Common scenarios where the allowance helps: occasional Airbnb hosting (low overheads), spare-driveway parking lets (£500-£800/year), single garage rentals (£300-£600), tiny inherited flat with negligible costs, single-room weekday rentals to a lodger (Rent-a-Room scheme is usually preferred — see below).

Spare driveway lease, no expenses

Income £900/year. Below £1,000 — no need to register or file. £0 tax.

Casual Airbnb, modest expenses

Income £3,500, expenses (cleaning, supplies) £600. Allowance: profit £2,500. Actual: profit £2,900. Allowance saves £100 in tax for a higher-rate host.

Self-storage of a single garage

Income £700/year. Below £1,000 — no declaration. £0 tax. (If income hit £1,200, the allowance would yield £200 taxable.)

Common mistakes to avoid

When to use this calculator

Annually at SA filing time for any small landlord. Particularly relevant for spare-room hosts, hobby Airbnb operators, and occasional letters of holiday cottages or driveways.

How this differs in Scotland, Wales and Northern Ireland

The £1,000 property allowance is UK-wide. Scottish, Welsh and NI taxpayers use the same allowance. Scottish income tax rates differ but the allowance amount is the same.

Official UK Sources

Last reviewed: May 2026 against HMRC 2025/26 rates.

Frequently asked questions

Do I need to register for Self Assessment if I claim the allowance?

Yes if rental income exceeds £1,000. Below £1,000 no registration is needed.

Can I use both the trading and property allowances?

Yes — they are separate £1,000 allowances against different income types.

Does the allowance count for joint ownership?

Each joint owner has their own £1,000 allowance — so a couple jointly letting a flat at £1,500 each can both claim the allowance against their share.

Can I switch between allowance and expenses each year?

Yes — the choice is annual and reviewable. Many small landlords switch when expenses pass £1,000.

Is the allowance the same as Rent-a-Room?

No — Rent-a-Room is £7,500 per household for in-home lodgers. The £1,000 property allowance applies to all other UK property income.

Are mortgage interest costs covered by the allowance?

If you claim the allowance, you cannot also claim a Section 24 mortgage interest credit. Most leveraged landlords claim actuals instead.

Does the allowance apply to commercial property?

Yes — to any UK property income. But commercial landlords usually have expenses well above £1,000.

Can companies use the allowance?

No — only individuals. Companies deduct actual expenses against rents.

When this calculator is and isn't the right tool

The £1,000 Property Allowance Tax Calculator UK 2025/26 above is built for the most common UK 2025/26 scenarios in this tax area. It will be the right tool when your situation maps cleanly onto the inputs — single property or simple aggregation, standard HMRC rates and bands, and individual taxpayer (rather than complex trust or partnership structures). It is informational and does not replace tailored advice from a chartered tax adviser, especially for transactions above £500,000, cross-border situations, or where reliefs interact with each other. For year-end filings, always reconcile with HMRC's own free calculators on gov.uk before pressing submit on Self Assessment.

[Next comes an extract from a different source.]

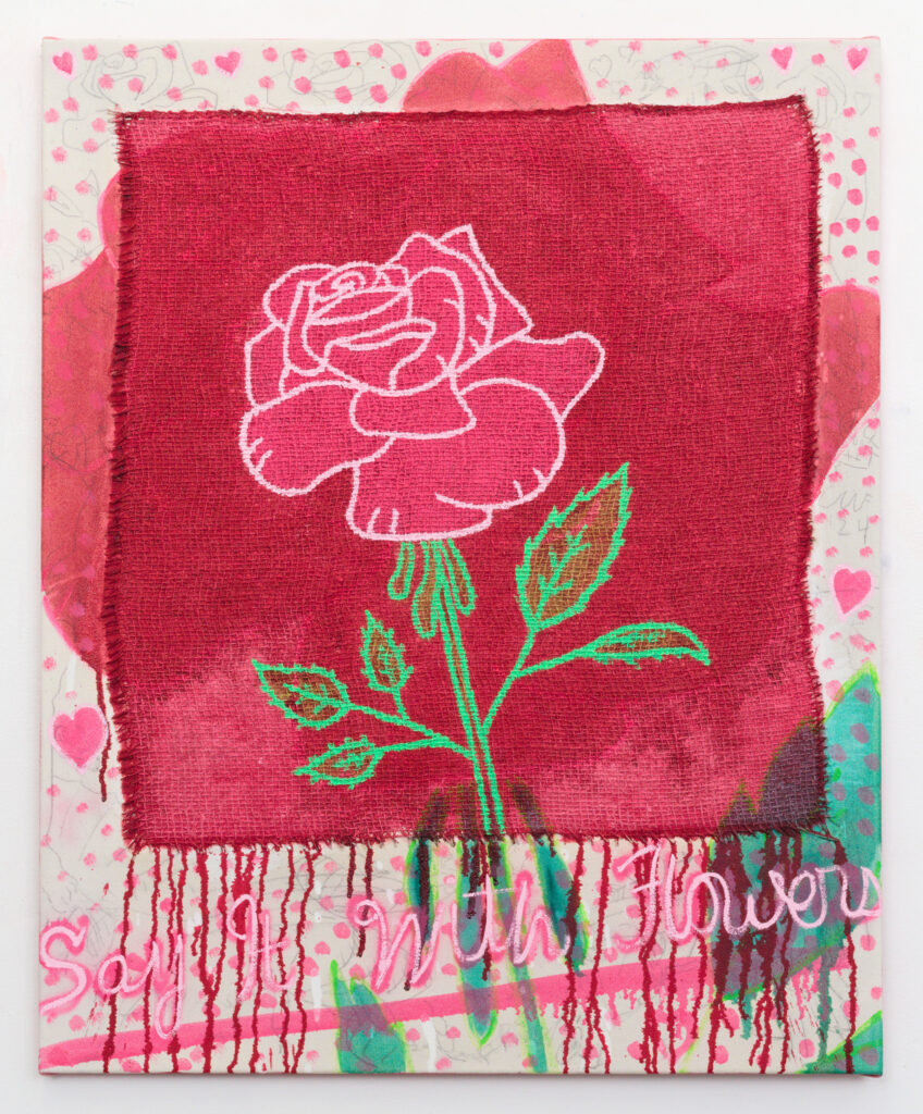 Say It With Flowers. Oil on burlap over canvas; 27 x 32 inches; 2024.

Closely related calculators

Glossary of UK property tax terms

HMRC
His Majesty's Revenue and Customs — the UK tax authority.
Tax year
6 April to the following 5 April. 2025/26 means 6 April 2025 to 5 April 2026.
Marginal rate
The rate of tax that applies to the next pound of income.
Self Assessment
The UK system for individuals reporting income tax outside PAYE.

Tax planning checklist

  1. Confirm the figures input above match your actual position — purchase contract, mortgage offer or completion statement.
  2. Cross-check the year (2025/26) — figures change every April. The tax year 2026/27 starts 6 April 2026.
  3. Use HMRC's official calculator at gov.uk for the final filing figure; this calculator is informational.
  4. Keep records for at least 6 years — HMRC's normal enquiry window. 21 years for fraud investigations.
  5. Discuss any unusual transaction (joint purchase, gift, divorce settlement, trust) with a qualified tax adviser.
  6. Submit your return online via Government Gateway — paper deadlines are earlier and penalties harsher.